Since its launch in 2005, as a small-scale demonstration of modern methods of construction (MMC), the Park has welcomed more than 100,000 visitors on its guided tours of the facilities. A tour includes self-guided audio of the Park and testing facilities, and group bookings can be arranged. BRE also run technical tours which are led by an expert guide.
Whether you are a professional, student or just an interested member of the public, the facilities are well-worth taking the time to explore as a means of gaining an understanding of the pioneering and vital work that BRE do.
BRE officially opened a brand-new acoustics laboratory in time for the anniversary celebrations – a state-of-the-art test facility for assessing the ability of products, such as floor or wall panels, to prevent the transmission of sound between rooms. It also contains a plug panel system for the less labour-intensive testing of smaller products such as doors and windows.
This is in addition to another brand new anechoic chamber, a completely silent and echo-free sound testing space used for a range of acoustic tests, such as assessment of the performance of fire alarm sounders.
 Structural test hall
 Burn Hall
A unique Xylarium displaying 30,000 timber specimens.
But it’s not only the demonstration buildings that provoke interest; the landscaping has been carefully designed to feature a variety of SUDS products, green roofs, a swale, permeable blocks, resin paving systems and biodiversity innovations.
History buffs may also be excited by the Park’s scale model of the Mohne Dam which was built in secret in late-1940 and used in the very initial experiments that led Barnes Wallis to develop the Dambusters’ famous bouncing bomb.

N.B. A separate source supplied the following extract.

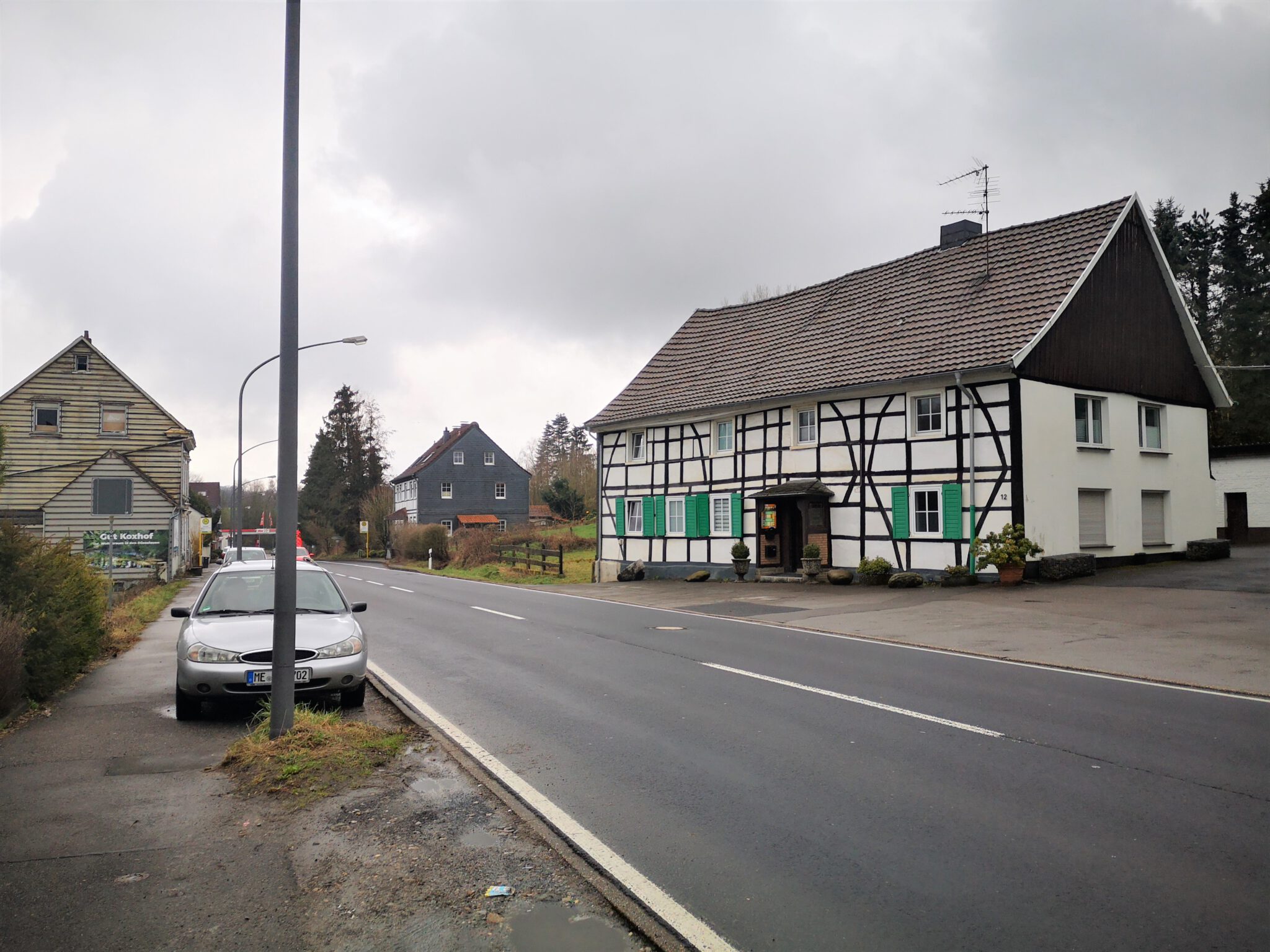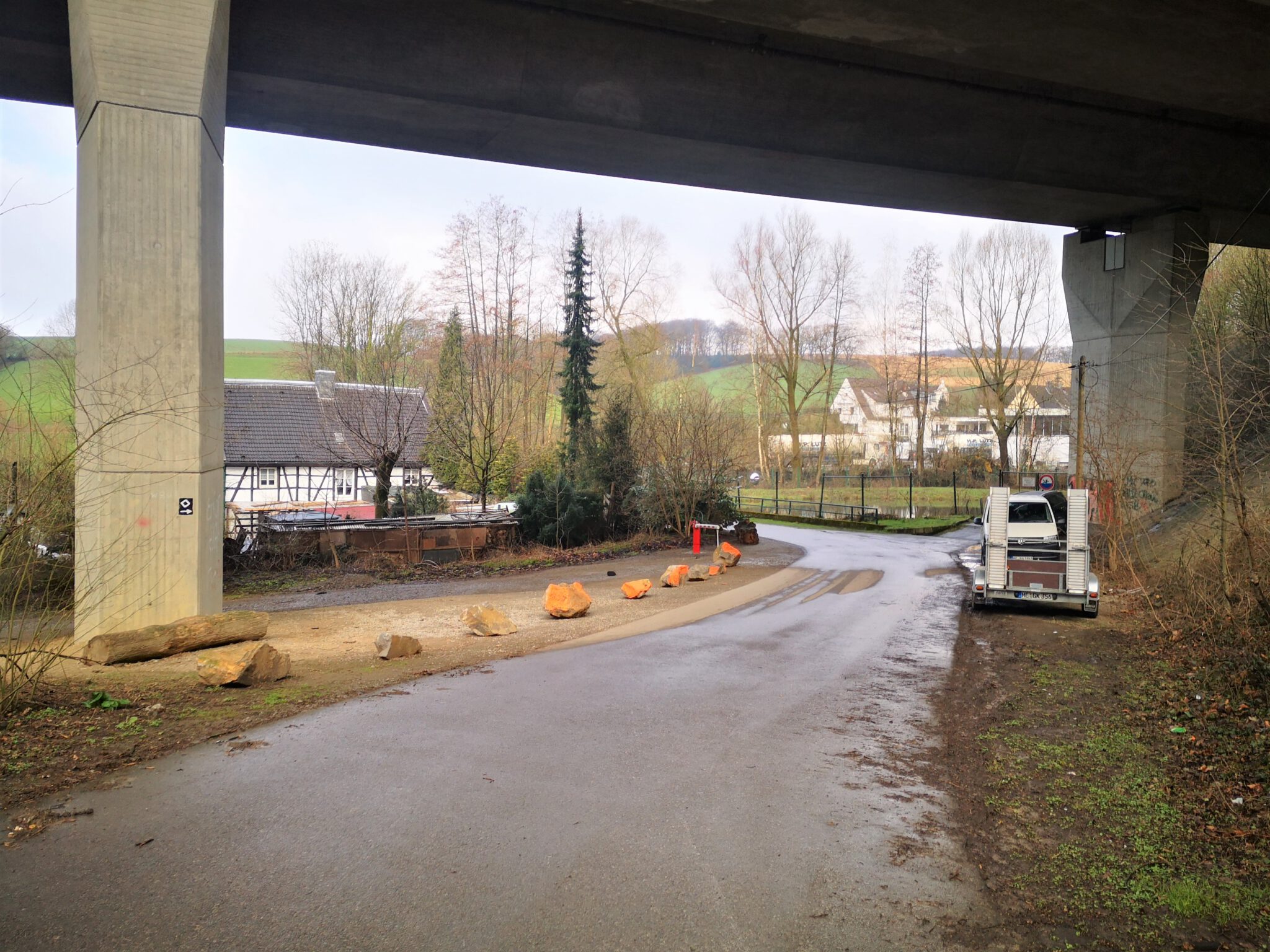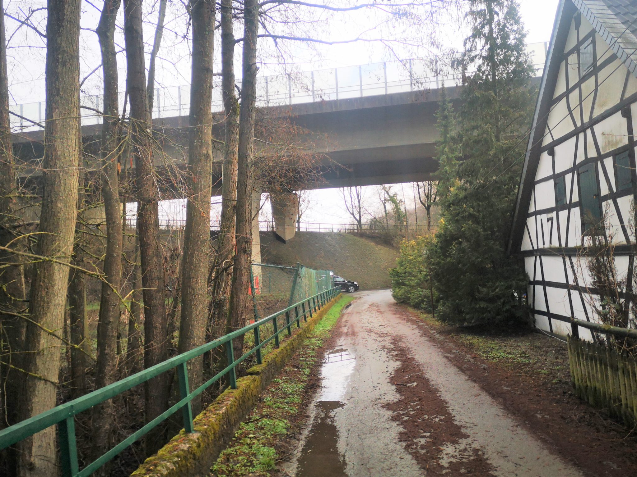 Das kleine Fachwerkhaus unter der großen Autobahnbrücke: So geht es los, nicht mal 1000 Meter Luftlinie von dem Ort entfernt, den wir 2014 als Ziel auserkoren haben. Im Jahr 2021 werden wir die Düssel-Quelle ganz sicher erreichen – heute allerdings noch nicht. Vielleicht werden mein bester Freund P. und ich den „Endspurt“ sogar in zwei bis drei weitere Episoden aufspalten. Dieses Blog hat keine Eile. Wobei: Irgendwie schon. Manchmal und ein Bisschen. Nämlich, wenn wir – wie gerade – maximal eine Stunde Zeit haben für unsere Blog-Ausflüge.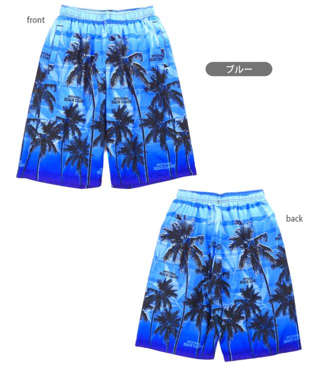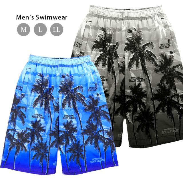 【メール便送料無料】【大きいサイズあり】サーフパンツ 水着 メンズ M L LL M-2563 ブラック ブルー スイムウェア 海水パンツ 海パン 短パン トランクス ハーフパンツ ショートパンツ 男性 ヤシ柄 椰子 ビーチ リゾート 紳士 黒 青 sw3651

Some of the buildings that can be explored as part of a tour include:
This was the winner of the Mail on Sunday’s 2007 Home for the Future design competition. Created with urban living in mind, it was the first home by a mainstream housebuilder designed to Level 6 of the Code for Sustainable Homes.
 Hanson EcoHouse
This house aims to demonstrate the practicality and affordability of whole life sustainability for modern housing. It was built in 2009 by the National Non-Food Crops Centre (NNFCC) with renewable low carbon materials such as wool and hemp.
 Sigma Home
Comprising two units, one complete and one left unfinished to reveal its innovative features, the Sigma Home was the first house in the UK designed to Level 5 of the Code for Sustainable Homes. A local family occupancy tested it for two weeks each season over the course of a year, with the findings used for future home designs from the Stewart Milne Group.